You know I just had to read an article with the title Why I stopped angel investing (and you should never start). Tucker Max writes,
I can think of two portfolio companies specifically, both of which have raised major rounds from big name VC funds, where I have to actively refrain from punching founders in their stubborn, arrogant faces.
Actually, the sentences that I related to the most were these:
personally, I gotta be in the arena, competing, putting myself on the line. I can’t just watch. Once I understood this, the decision to stop angel investing was pretty clear.

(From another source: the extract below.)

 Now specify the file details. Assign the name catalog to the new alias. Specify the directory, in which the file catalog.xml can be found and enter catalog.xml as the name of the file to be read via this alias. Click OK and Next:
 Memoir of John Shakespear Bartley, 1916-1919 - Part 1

I noticed this when someone put me in touch with the head of a firm that does early-stage investments. She showed me a few companies they were investing in, and I found that all I could think about was how I would position the companies differently and take different approaches in terms of staging their business. It does not matter whether I was right or wrong, but it showed me that I could not just sit back and watch someone else use my money to do things that I would not do if I were running the business myself. It would be way too stressful for me.
Finally, about successful angel investors, he writes,
they have the social clout to not get run over by VC’s and literally pushed out of an investment.

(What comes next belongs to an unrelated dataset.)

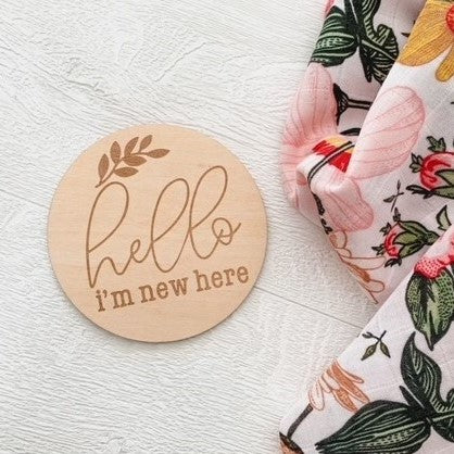 Charming 10cm round wooden disc, 3mm thick, laser engraved with “Hey There, I'm New Here"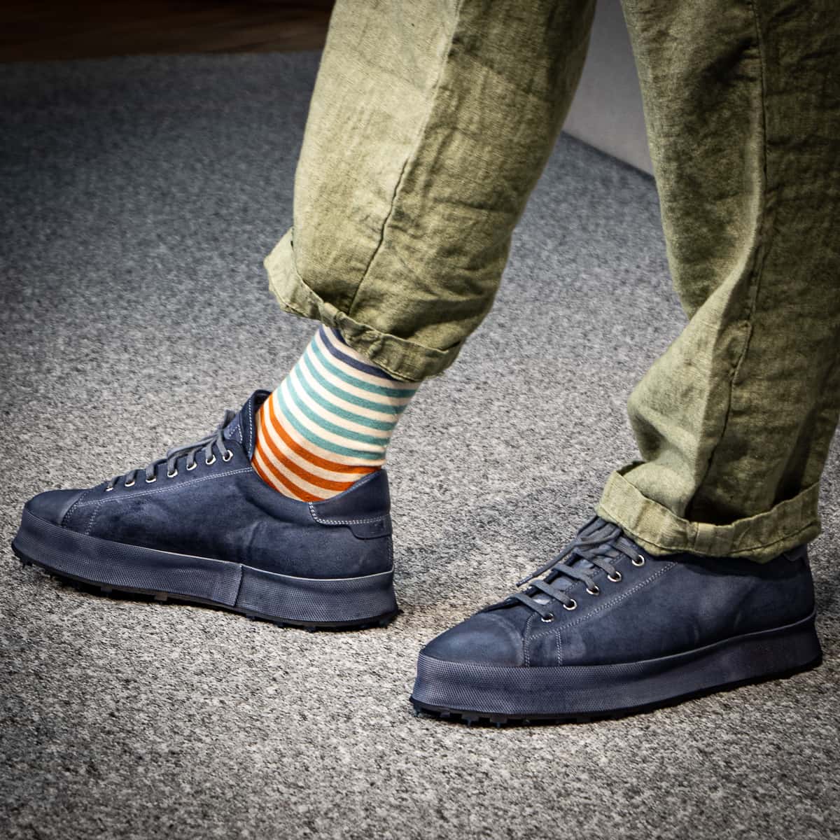 A fashionable sock with fine stripes. Colour accents on the toe, heel and cuffs create a special look. Soft fabric mix for a high level of comfort.

That’s the most frustrating part of angel investing. You manage to actually back a winner, and then a VC firm with clever lawyers just takes it away from you for nothing.

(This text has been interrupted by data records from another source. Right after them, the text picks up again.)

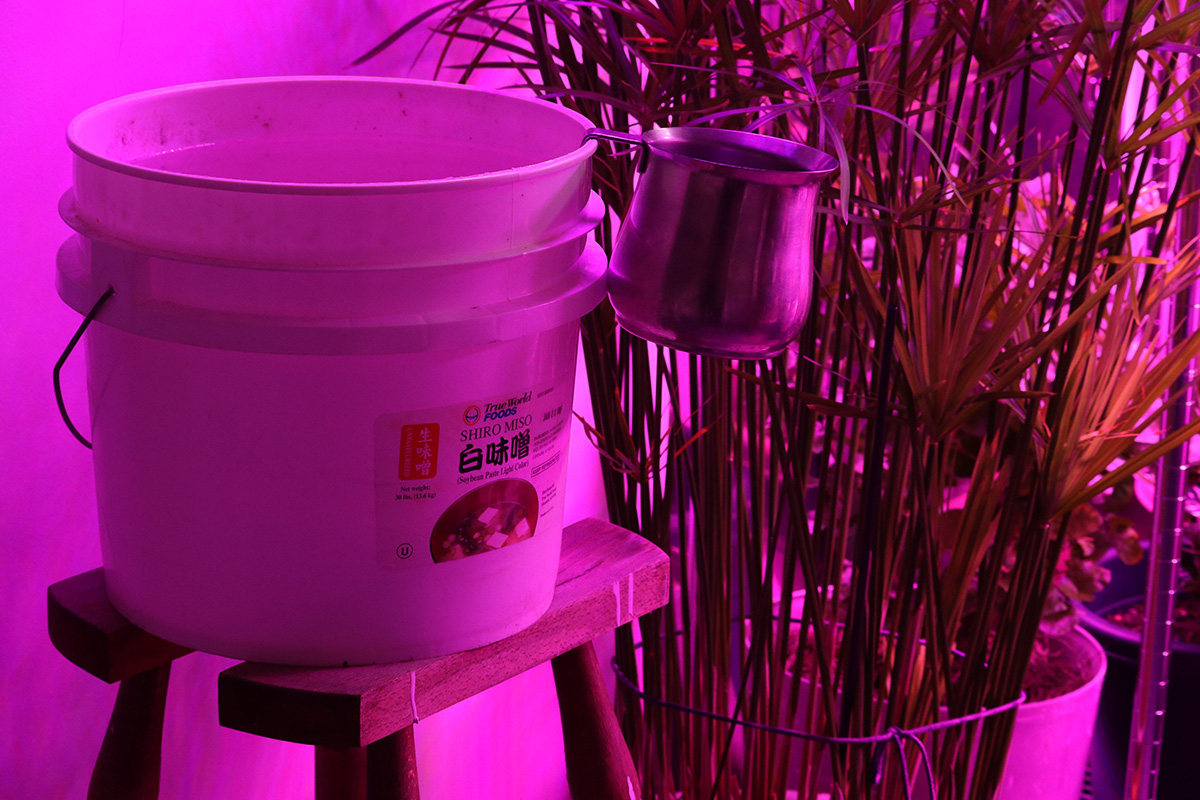 the bucket of water we use to water the grow room plants with have been dosed with mosquito bits; not to control the mosquitoes, but rather to keep fungus gnats from taking hold in the soil. the water i get from our rain water barrel, feels like i'm getting water from a well every time i do it, except instead of well water, it's actually rain water.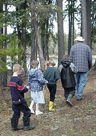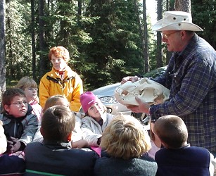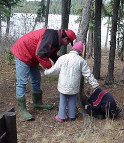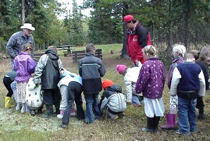 On Tuesday afternoon October 8, the Grade 1 and 2 classes and their teacher Mrs. Gula went on a field trip to Running Lake, north of Worsley. The students were told about some of the plant and animal life of the Northern Alberta region by Forest Educators Victor and Louise Ploc.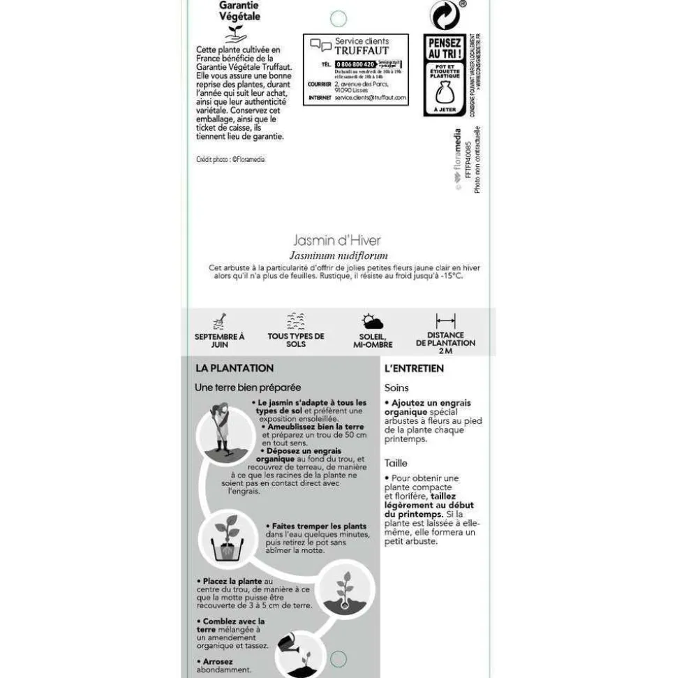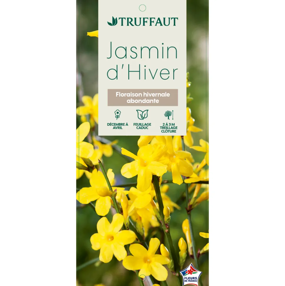 Introduit en Europe au milieu du 19ieme siècle, le jasmin d’hiver est un arbuste caduc aux minces tiges souples qu’il est possible de palisser afin de l’utiliser comme grimpant. Parfaitement rustique, il fleurit en hiver, produisant à la faveur du moindre redoux une multitude de fleurettes solitaires et tubulaires, jaune brillant. Elles compensent leur absence de parfum par un effet très lumineux, bienvenu à la mauvaise saison. Les petites feuilles vert sombre, composées de 3 folioles, apparaîssent en fin d’hiver.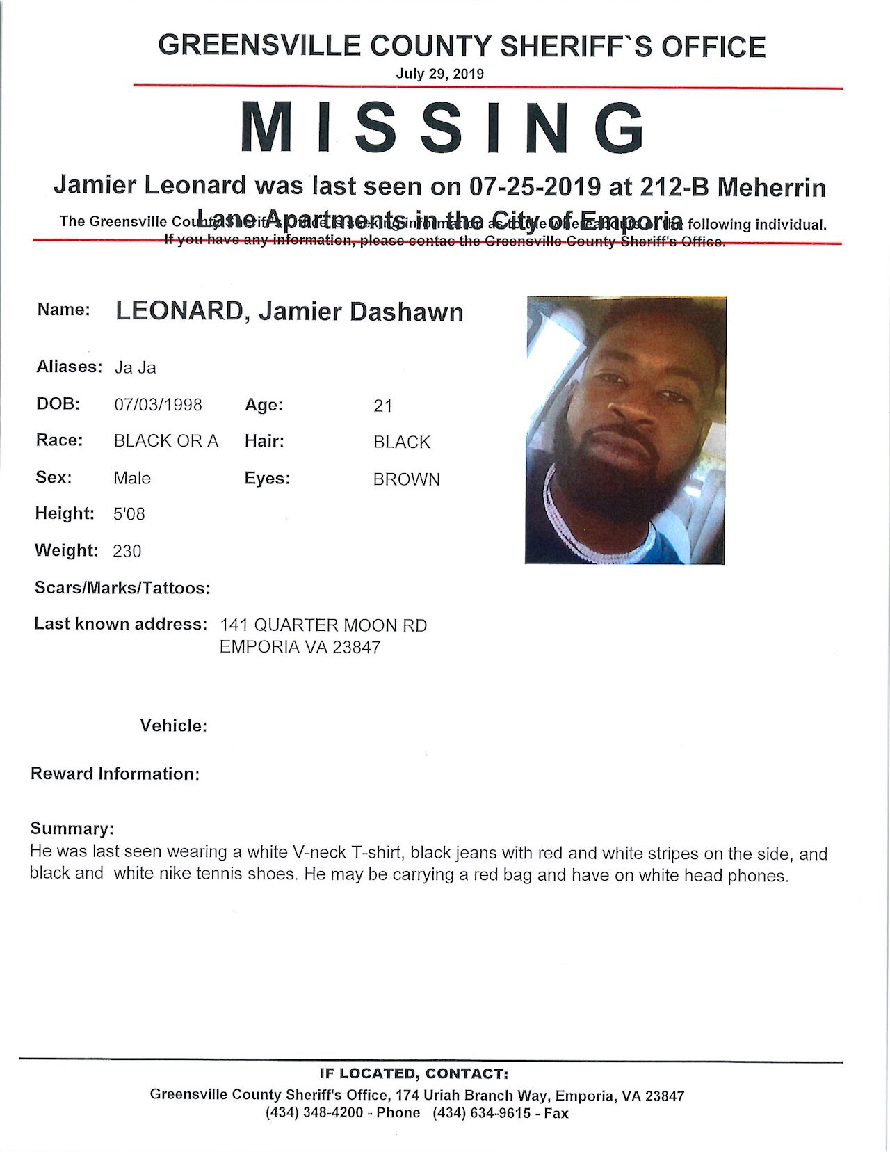 The Greensville County Sheriff's Office continues its search for Jamier Dashawn Leonard.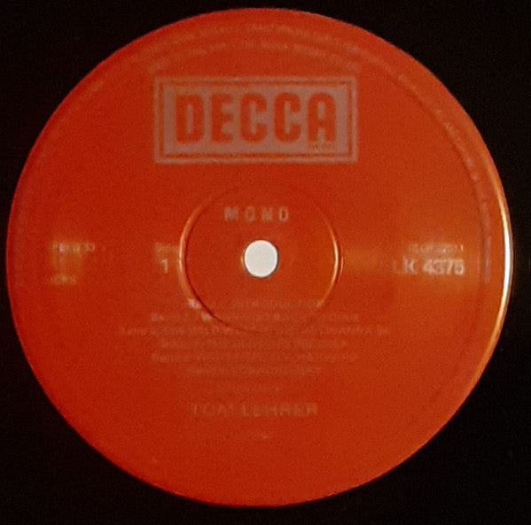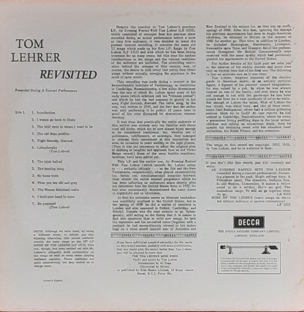 "Note: Although we have tried, by using a different cover, to delude you into thinking otherwise, this record contains exactly the same songs as the LP Songs by Tom Lehrer (LF 1311). This one, though, has been padded out with Mr. Lehrer's allegedly droll commentary on the songs as well as some rather cloying audience reaction. These additions are quite unnecessary, but they enable us to charge more."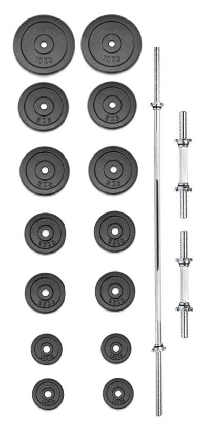 Variabilní činkový komplet sestavený z kvalitních komponentů je vynikajícím doplňkem každé domácí i komerční posilovny. Rozmanitá skladba setu zaručuje komfortní a bezpečný trénink. Součástí tohoto setu je velká obouruční hřídel na činku, dvě jednoruční hřídele a sada litinových kotoučů, vše s vrtáním 30 mm (průměr používaný i většinou výrobců posilovacích lavic a strojů). Uvedená váha setu je včetně osy.

That’s what the plot of The Social Network was, right?
Oh, and it’s not so different from my experiences in churches, local politics, and grad school, except that those have zero chance of making you rich. If there is any way to limit the skulking free-riding free options exercisers that would be a big welfare improvement. This is why I’m fascinated by things such as how in economics you can pre-publish a paper for comment a year in advance and nobody just poaches it from you like they would in hard science. I think it is because reputation and niche is so much more effective there.
The askblog was about the last place I expected to find a link to a Tucker Max piece, but then I had no idea he was an entrepreneur these days. Who says there are no second acts in American lives?
He just wrote a book with Geoffrey Miller too, Mate: Become the Man Women Want.
“Finally, about successful angel investors, he writes, ‘they have the social clout to not get run over by VC’s and literally pushed out of an investment.’ ”
That would make for an arbitrage opportunity if the ratio of savings to start-ups weren’t so glutted. If the successful angel investors are doing the equivalent of converting their “social clout” into the valuable asset of informal “don’t you dare screw me insurance” then they should be able to ‘rent’ that asset to less prestigious market players and make some profit off being the intermediary.
I think the Angellist Syndicates mentioned near the bottom of the article are basically what you’re suggesting:
http://venturebeat.com/2014/06/29/an-angel-investors-ultimate-guide-to-angellist-syndicates/
Tucker Max is to angel investing what Jim Cramer is to stock investing. I would not try to extrapolate too much about the reality of the situation from what he says. Similarly, The Social Network = Wall Street. Make believe. My firm has made 400+ angel-type investments over the last 4 years and there just is not that much drama (unless you’re actively trying to make drama, in which case you’re the guy everyone else shakes their head about).
If most venture capital firms lose money (with a few outliers at the top) then it’s easy to imagine that 95% of angel investors lose money. The results have to be even more skewed.